= What you will do =
Below are some records. Repeat exactly the lines from the one containing "Loch Leven langs die dorpie Kinlochleven" through the final line.

= Dataset excerpts =

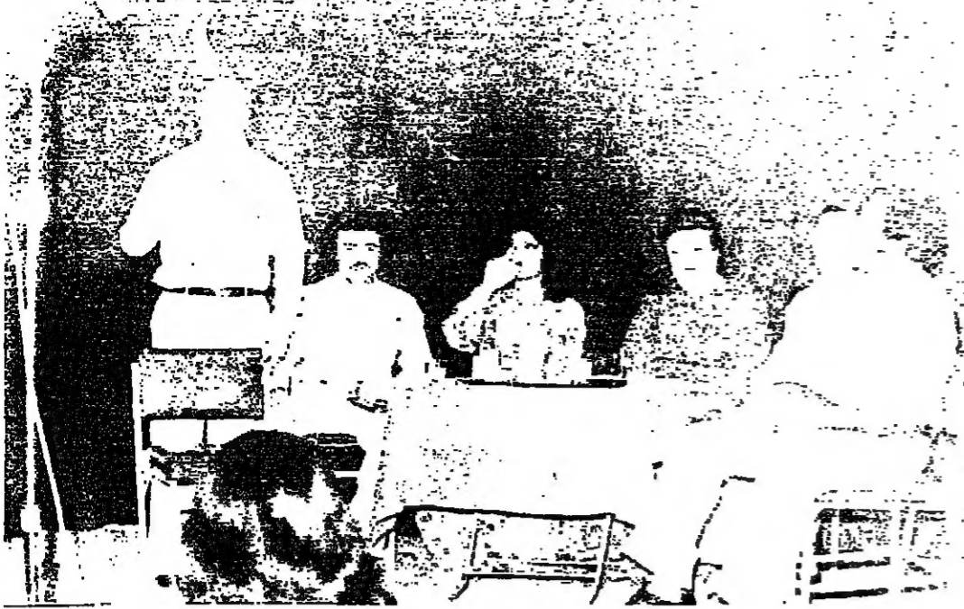
أيوب ، تيم برياري ، يفتسي ويديو السيساره ، ايبي ايوب ، تيريز كرم ، ابييت سريسق ، ايبي صنيفر ووطنوي

تضحك . العالم يضحك بكم . الطاولات ، الكراسي والجدران تسمى تاعدا في جدار الضحك . « كنا وبين وصرباوين » عمل الذي ينهض من رواده بعد خوت في لبنان ، نراه يتجلى في « ينحصر » ينطلق . لفته من صنع يديه . لشكائه من أتممة ميلين عجزتهم ورثة الخشية يلقاها والتوضوح بما . انه خيرة صلاحة لا سوف ياتي ، من أعمال رالمة متولدة ... تعيد الامانة التي سلبت عندها ، وتحاول ، الى ذلك ، خط الوراثة لاعادة نطقها من جديد على بساط المسيرة اللبنانية الثقافية وواقعها الاجتماعي العام .
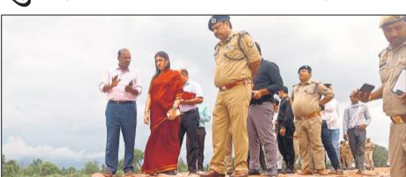
तटबंध का निरीक्षण करती मंडलायुक्त सौम्या अग्रवाल।
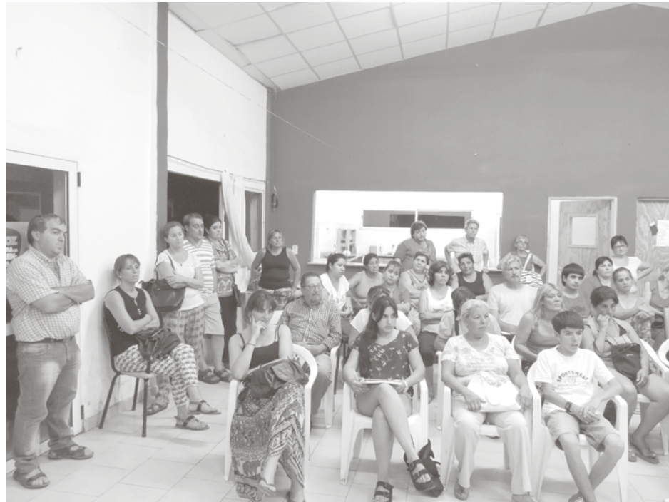
Concejales de distintos bloques escucharon el reclamo de los vecinos.
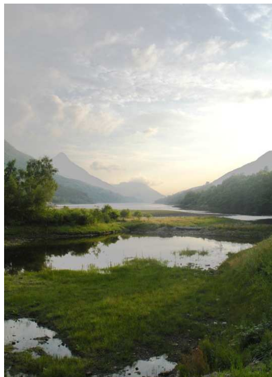
Loch Leven langs die dorpie Kinlochleven

Ons besef veral dat ons deel was van die mooiste natuurtoenele van die Britse Eilande. Wat 'n voorreg!

= Answer for this exercise =
Loch Leven langs die dorpie Kinlochleven

Ons besef veral dat ons deel was van die mooiste natuurtoenele van die Britse Eilande. Wat 'n voorreg!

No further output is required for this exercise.